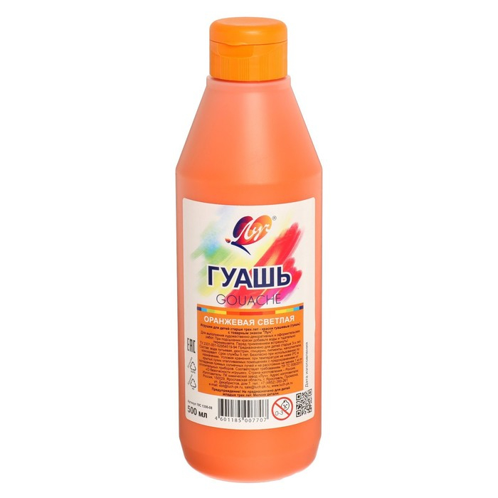 Гуашь "Луч", 500 мл, оранжевая светлая
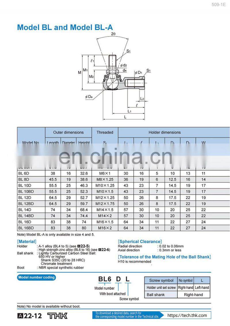 THK rod end spherical joint Universal joint ball head BL10 BL12 BL14 BL16D BD L Left thread
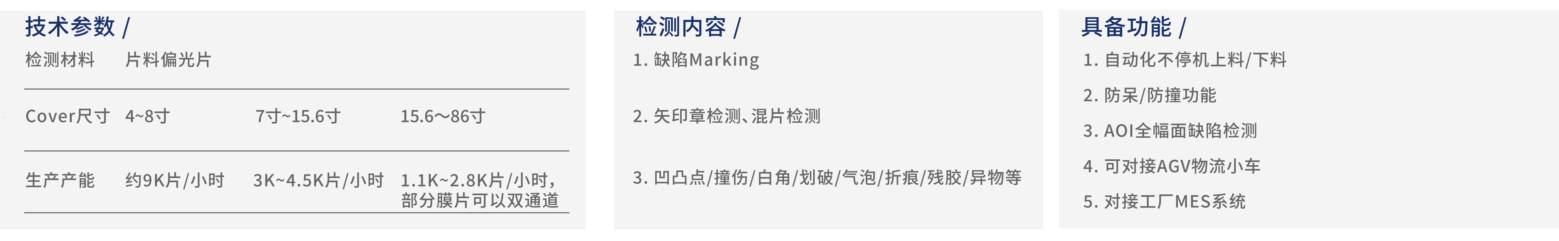 设备用于偏光片的检测,采用自动上下料以及特制输送结构,搭配自研AOI检测软件,对矢印章、缺陷打标Mark、异物、气泡、划伤、凹凸点、折痕、撞伤、残胶、脏污等缺陷进行精准检测以及OK/NG分流,把控出货产品质量。
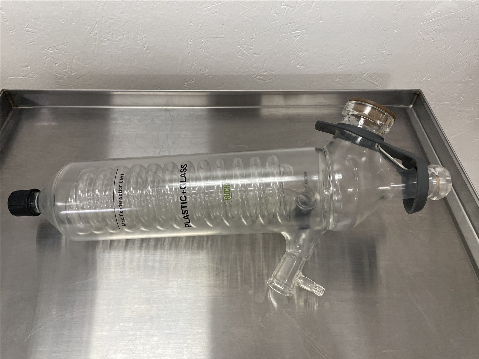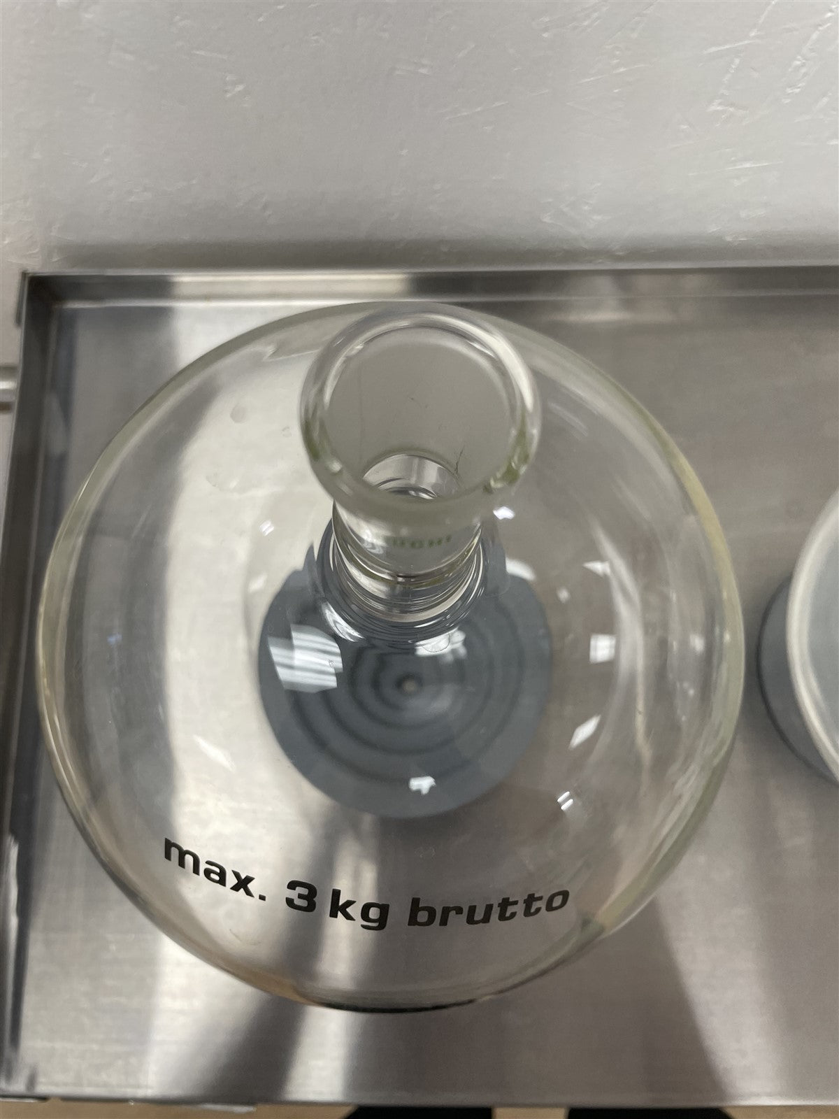 Heating bath base, heating bath basin, drying flask(2L), evaporating flask(1L), receiving flasks (3L & 1L), vertical condenser, vacuum pump PM kit, and miscellaneous maintenance tools and replacement pieces shown in photos
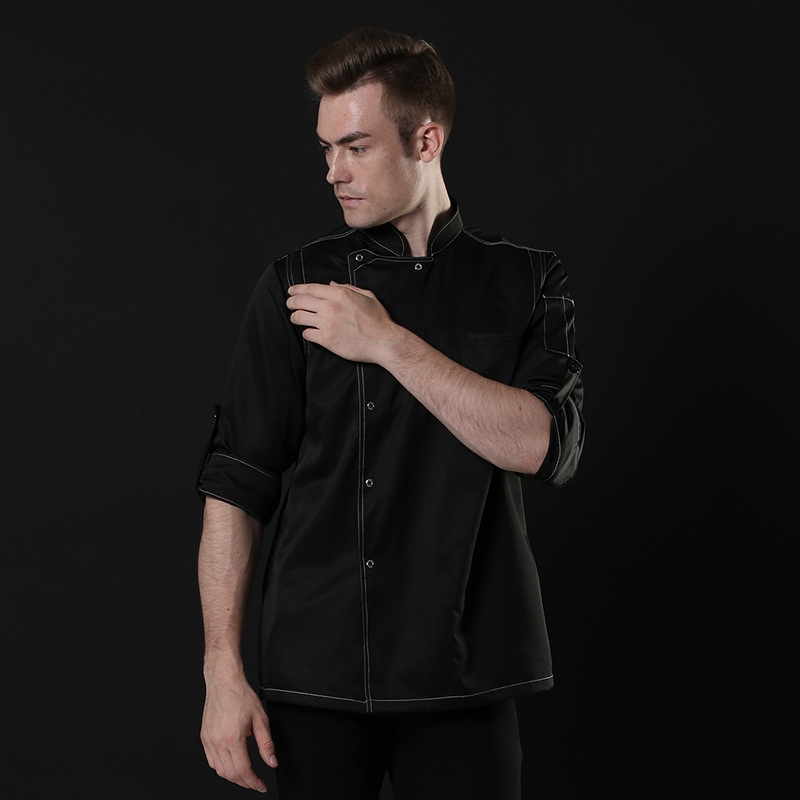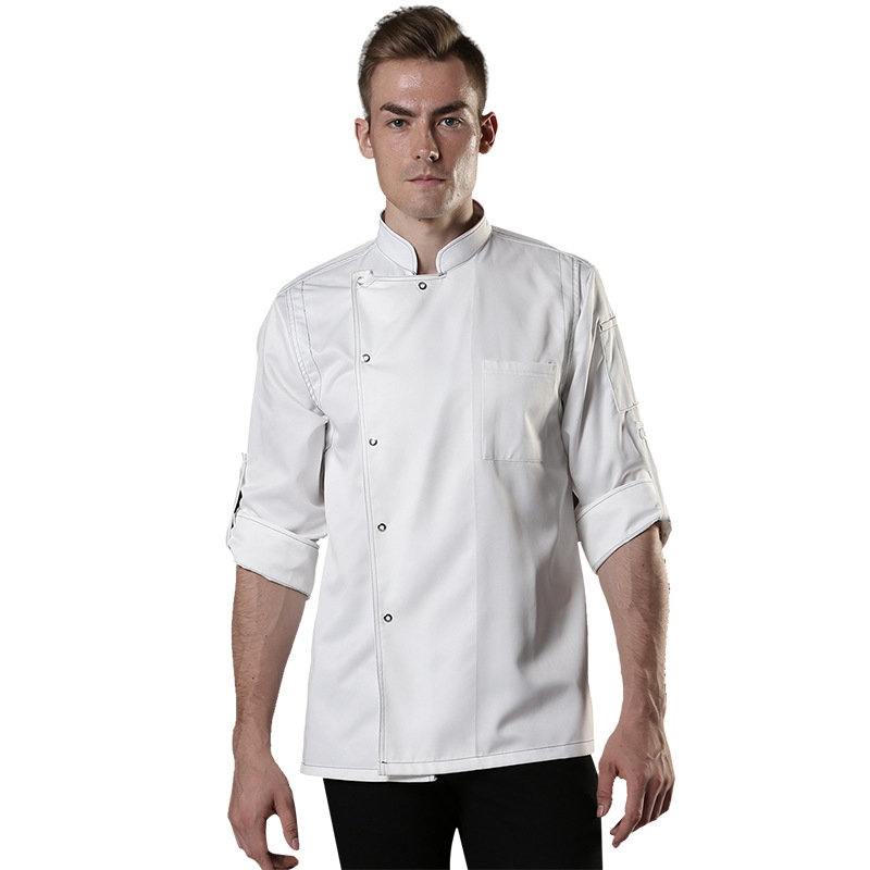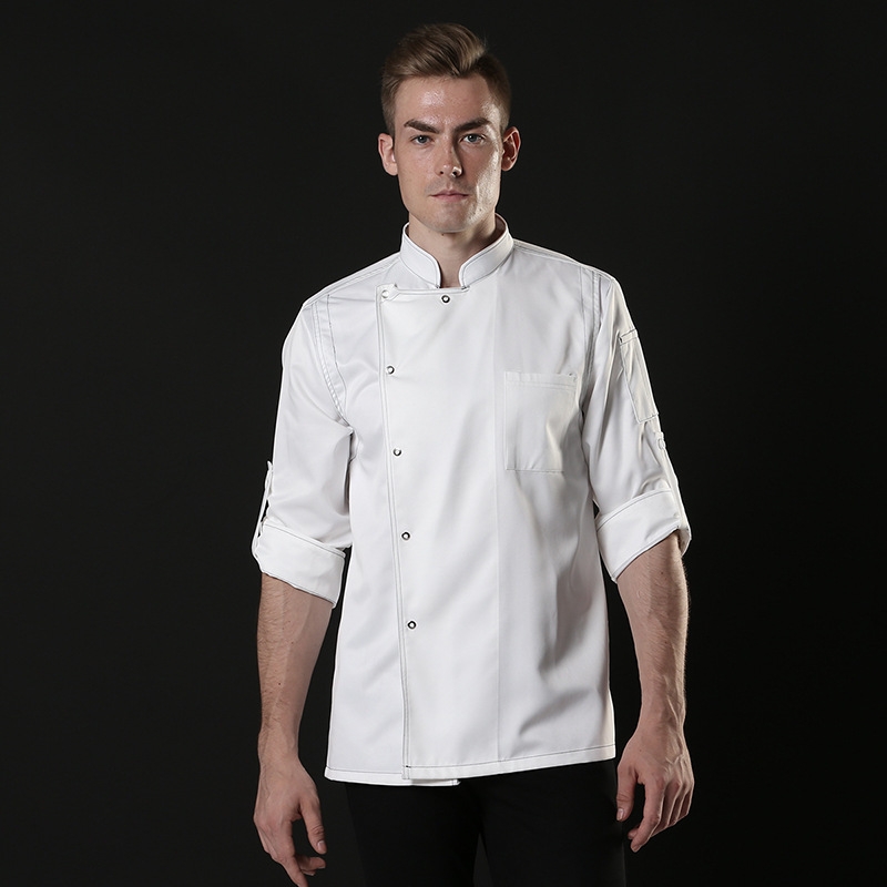 contrast hem overlap invisible button chef uniform coat chef coat chef uniforms restaurant bread cake shop
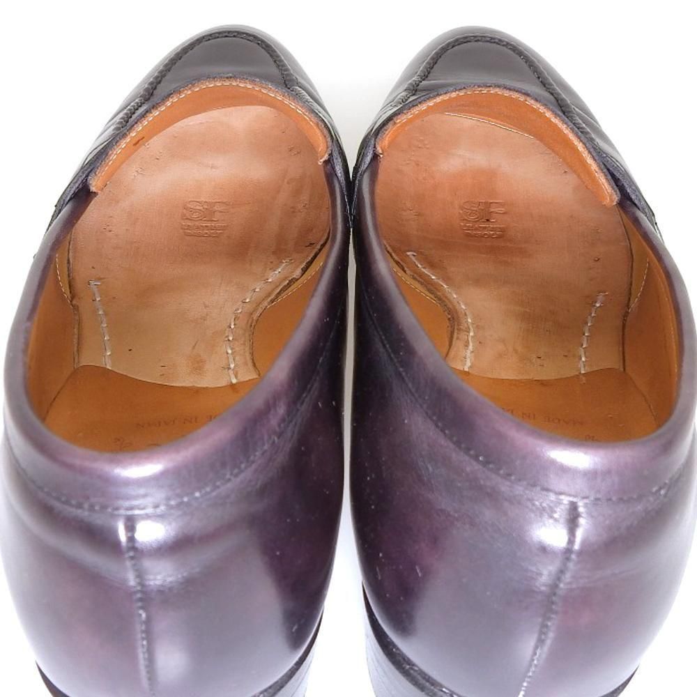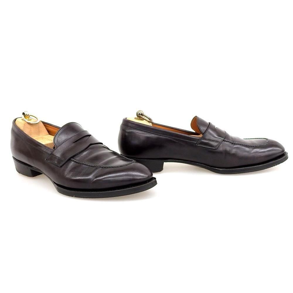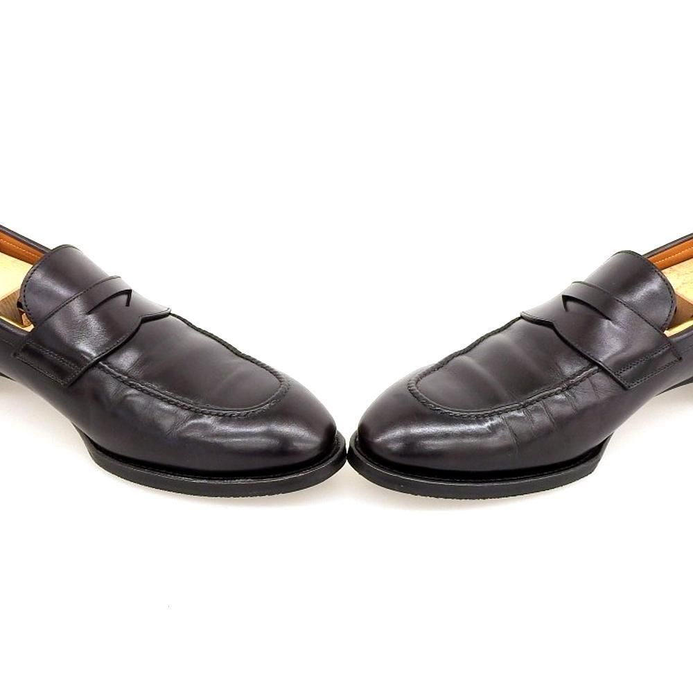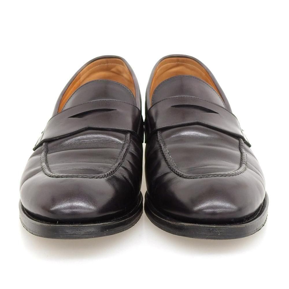 リーガルの上位ブランドで高い技術力と上質な素材を使用し世界に通用する高級靴を制作。幅がありながら土踏まずと踵部を絞り込んだ木型を採用しローファーにありがちな踵の抜けを軽減しています。リストの削れは2ミリ程。革が馴染み履きやすい状態です。
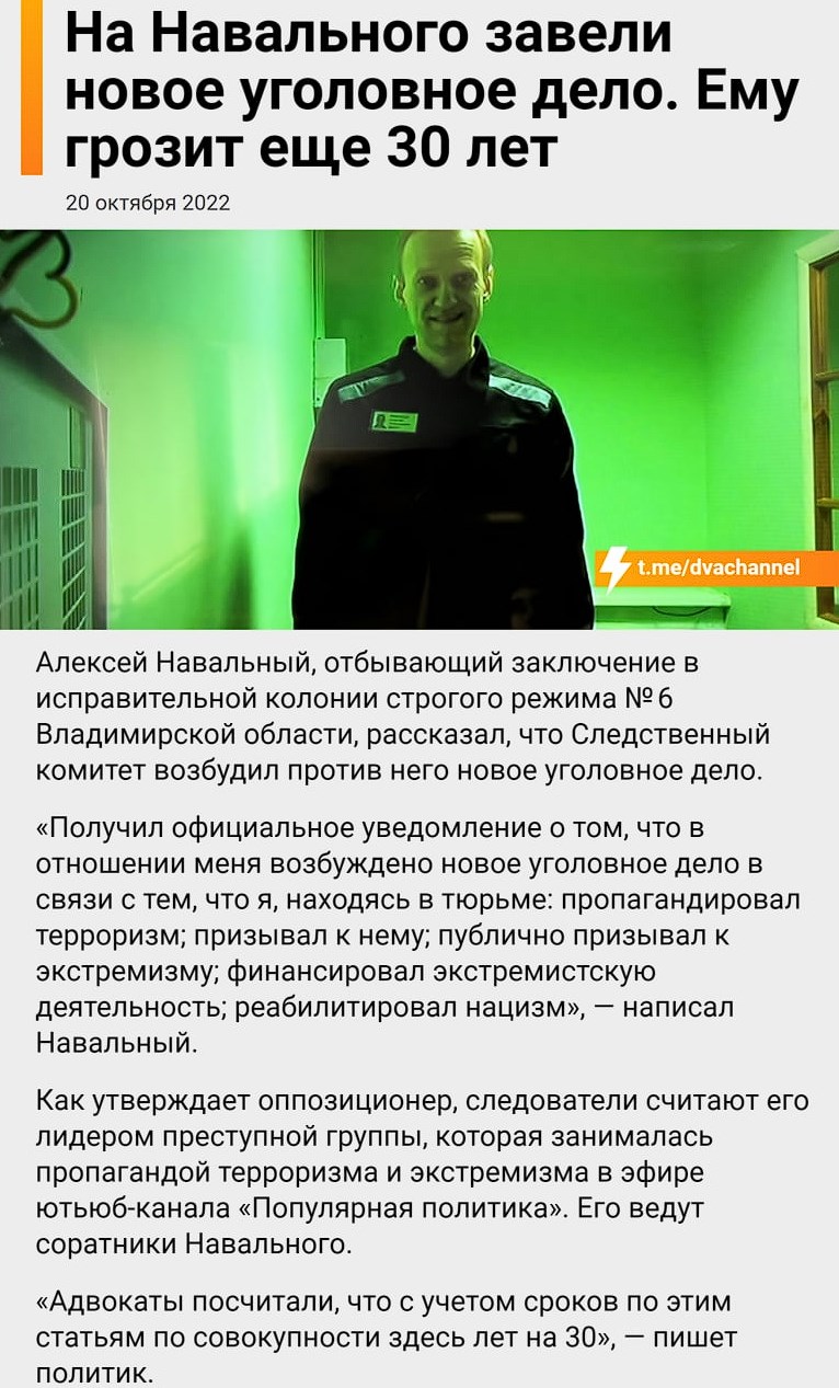 - A new criminal case was opened against Navalny. He faces another 30 years
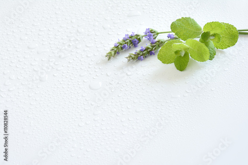 © tamayura39, Naklejka premium ラベンダーとミントの葉 白色背景
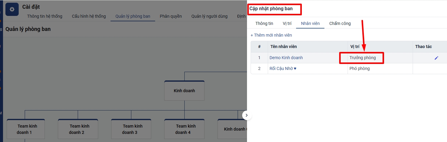 Điều chỉnh vị trí của tài khoản này giữ chức vụ Trưởng phòng trong Sơ đồ tổ chức.
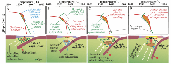 研究表明,Zambales蛇绿岩从早到晚发生了四期铬铁矿成矿事件,对应的类型依次为富Ti高Al型、贫Ti高Al型、富Ti高Al型和高Cr型(图1),基本涵盖了全球蛇绿岩型铬铁矿常见的成分类型。其中,富Ti高Al和贫Ti高Al型铬铁矿对应的成矿岩浆分别属于一般亏损和极度亏损的低Ti拉斑质系列,高Cr型铬铁矿的成矿岩浆则为高Ca玻安质或具有相关成因联系的苦橄质。这种成矿岩浆作用组合及发生的时间顺序,与西太新生岛弧成弧前发育的岩浆作用演变趋势最为吻合,在其它大地构造环境中并不发育,支持上述类型铬铁矿的成矿均大概率发生于洋内初始俯冲的环境。
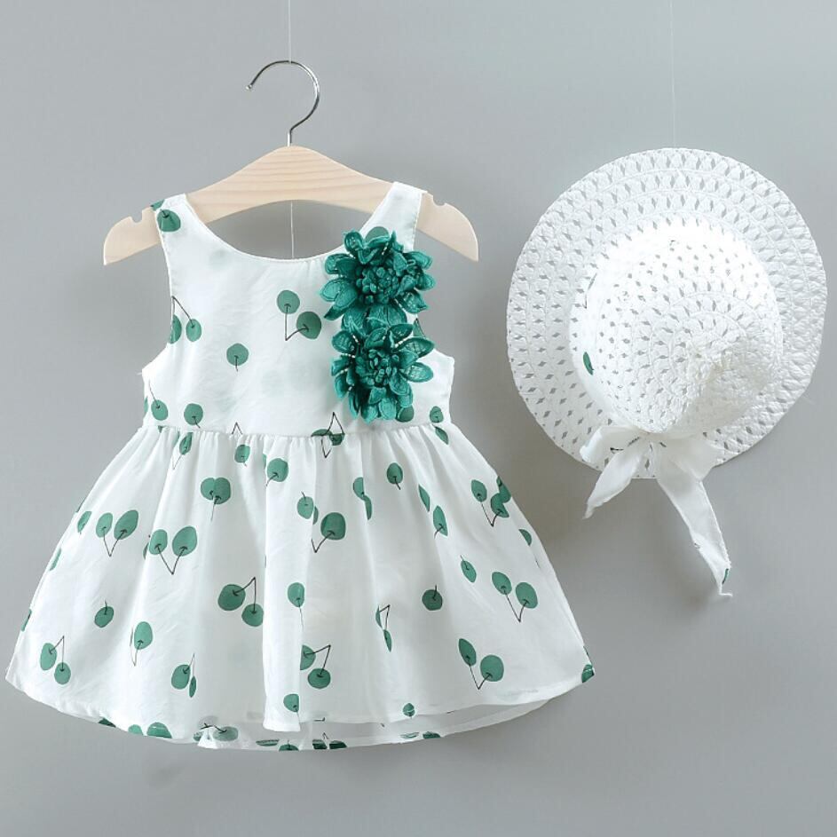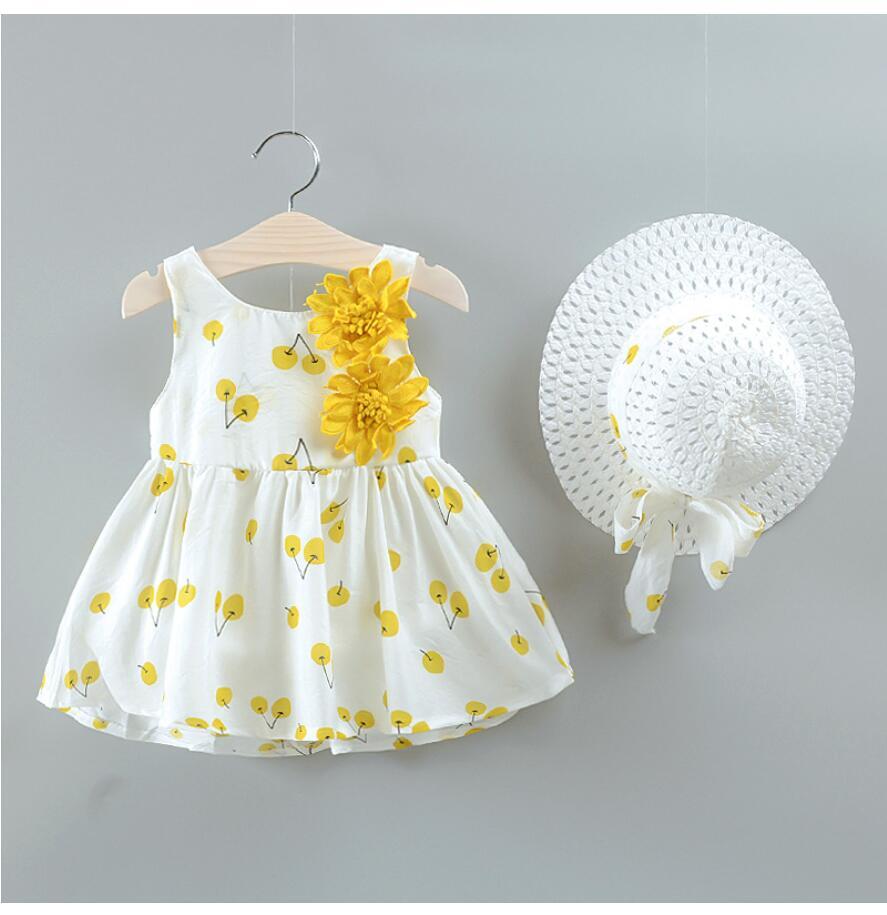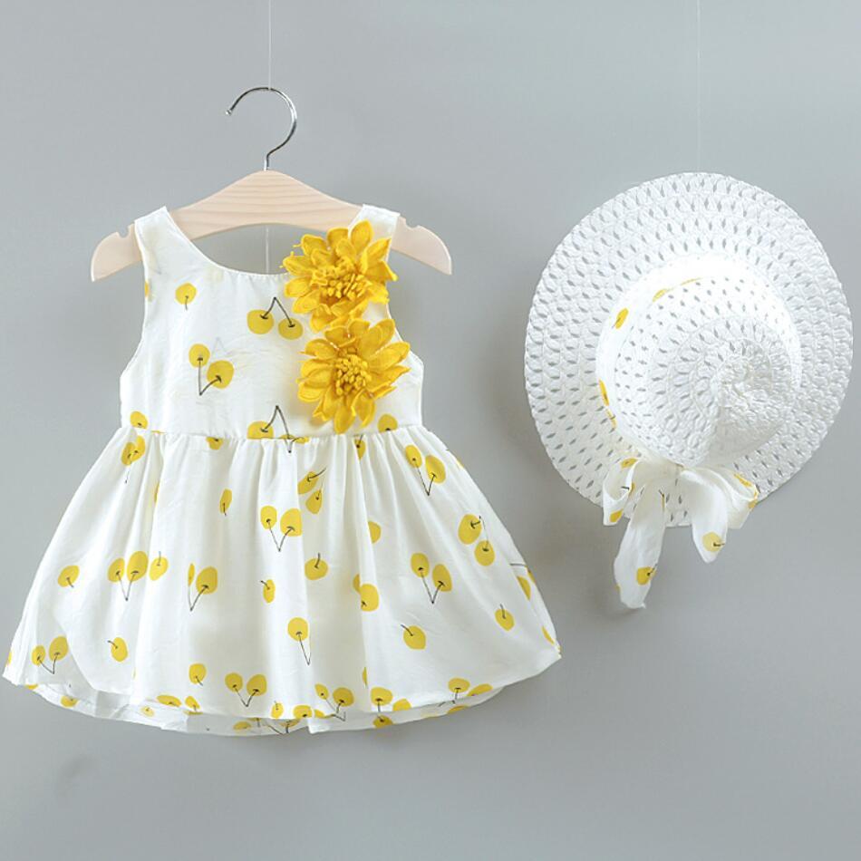 新作 春夏の女の赤ちゃん&幼児用のドレス 花のドレス+帽子 1歳の女の子の誕生日などベビースーツの衣装

○ ○ ○ ○

A verbatim copy of every entry above, with no pictures, is the expected output.

 Гуашь "Луч", 500 мл, оранжевая светлая
 THK rod end spherical joint Universal joint ball head BL10 BL12 BL14 BL16D BD L Left thread
 设备用于偏光片的检测,采用自动上下料以及特制输送结构,搭配自研AOI检测软件,对矢印章、缺陷打标Mark、异物、气泡、划伤、凹凸点、折痕、撞伤、残胶、脏污等缺陷进行精准检测以及OK/NG分流,把控出货产品质量。
 Heating bath base, heating bath basin, drying flask(2L), evaporating flask(1L), receiving flasks (3L & 1L), vertical condenser, vacuum pump PM kit, and miscellaneous maintenance tools and replacement pieces shown in photos
 contrast hem overlap invisible button chef uniform coat chef coat chef uniforms restaurant bread cake shop
 リーガルの上位ブランドで高い技術力と上質な素材を使用し世界に通用する高級靴を制作。幅がありながら土踏まずと踵部を絞り込んだ木型を採用しローファーにありがちな踵の抜けを軽減しています。リストの削れは2ミリ程。革が馴染み履きやすい状態です。
 - A new criminal case was opened against Navalny. He faces another 30 years
 © tamayura39, Naklejka premium ラベンダーとミントの葉 白色背景
 Điều chỉnh vị trí của tài khoản này giữ chức vụ Trưởng phòng trong Sơ đồ tổ chức.
 研究表明,Zambales蛇绿岩从早到晚发生了四期铬铁矿成矿事件,对应的类型依次为富Ti高Al型、贫Ti高Al型、富Ti高Al型和高Cr型(图1),基本涵盖了全球蛇绿岩型铬铁矿常见的成分类型。其中,富Ti高Al和贫Ti高Al型铬铁矿对应的成矿岩浆分别属于一般亏损和极度亏损的低Ti拉斑质系列,高Cr型铬铁矿的成矿岩浆则为高Ca玻安质或具有相关成因联系的苦橄质。这种成矿岩浆作用组合及发生的时间顺序,与西太新生岛弧成弧前发育的岩浆作用演变趋势最为吻合,在其它大地构造环境中并不发育,支持上述类型铬铁矿的成矿均大概率发生于洋内初始俯冲的环境。
 新作 春夏の女の赤ちゃん&幼児用のドレス 花のドレス+帽子 1歳の女の子の誕生日などベビースーツの衣装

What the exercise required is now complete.